DATA SUPPLIED:
--- START ---
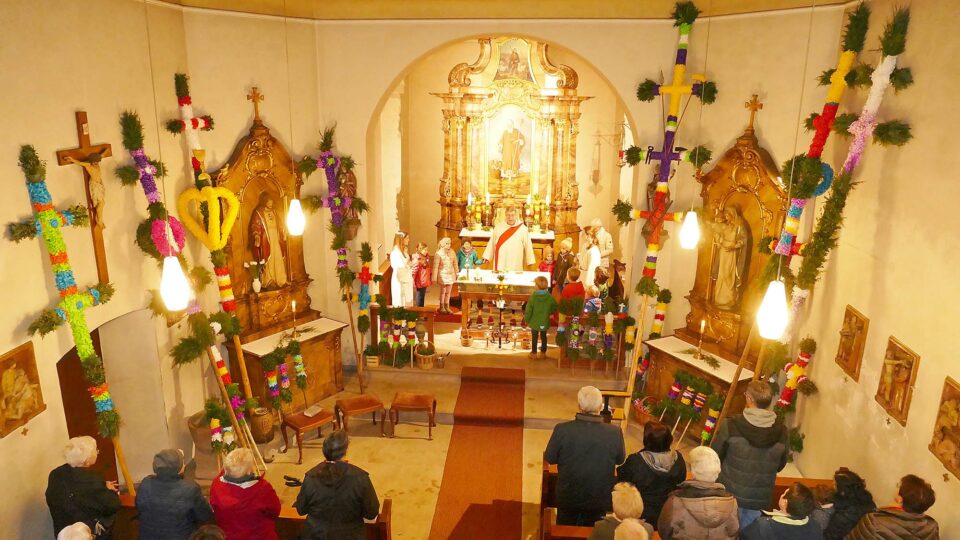 Die Tradition des Palmenbindens bleibt in Unterentersbach lebendig. Diakon Matthias Hoppe hat eine stattliche Anzahl von großen und kleinen Palmen am Vorabend des Palmsonntages geweiht.
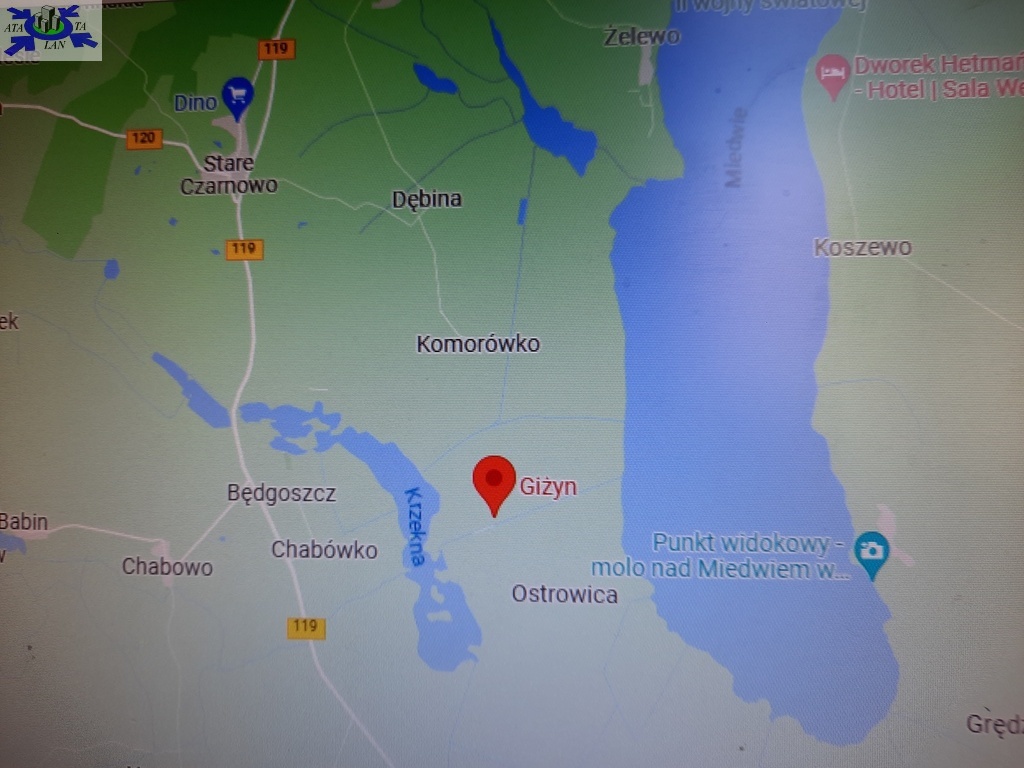 Działka o powierzchni 900 m2 położona w miejscowości Giżyn w niewielkiej odległości od jeziora Miedwie.
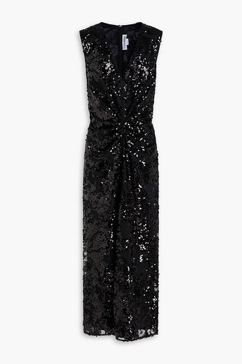 Brooke embellished draped stretch-jersey midi dress
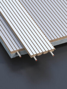 Pro milovníky dřeva můžete nabídnout klientům širokou škálu dřevěných dekorů stropního systému. Jedná se o příčně drážkované lamely různých šířek, stejně tak lamely s již před frézovanými otvory pro dosažení vysokých parametrů na snížení doby dozvuku, tedy kolikrát nepříjemné ozvěny v interiéru. Dřevěný teplovodní systém se dá instalovat jak pro stropní podhledy, tak své využití najde i v předstěnách. Všechny nabízené dekory mohou a nemusí být vybaveny potrubním systémem.
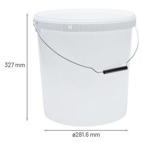 Livsmedelsgodkänd plasthink med lock - kan staplas i varandra när de är tomma. Utrustad med förseglingsflik. Stapla inte hinkarna medan de fortfarande är varma. Levereras med lock.
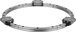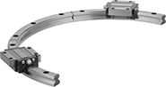 For smooth, accurate movement around curves and loops, these carriages have ball bearings that work well in high-speed, high-load applications. You'll often see these carriages and guide rails used to build assembly stations and other repetitive processes. Compared to roller and sleeve bearings, the ball bearings in these carriages operate with less friction, but they don't hold up as well as sleeve bearings in dusty and wet environments. The ball bearings don't have a cage, so they'll fall out if you remove the carriage from the guide rail.
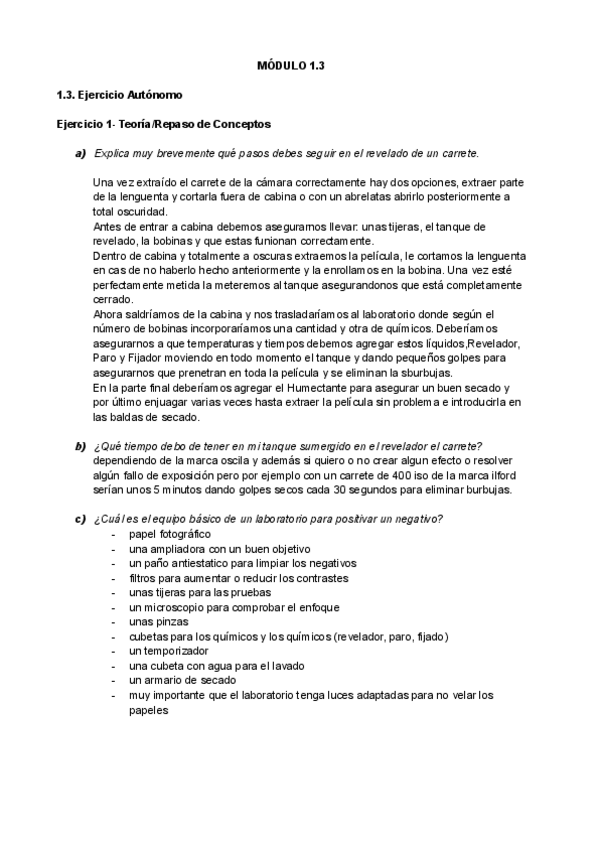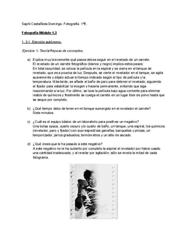 Módulo 1.3 de fotografía. Se trata de varios ejercicios relacionados con los principios de la fotografía de la profesora Aixa Portero. Igualmente, aunque no necesites resolver estas tareas, viene muy bien para estudiar ya que es muy completo.
--- END ---
EXERCISE DETAILS:
Print from the line containing "Działka o powierzchni" through the line containing "Brooke embellished draped" in the data above, exactly as the lines stand, and omit every picture.

WRITTEN ANSWER:
 Działka o powierzchni 900 m2 położona w miejscowości Giżyn w niewielkiej odległości od jeziora Miedwie.
 Brooke embellished draped stretch-jersey midi dress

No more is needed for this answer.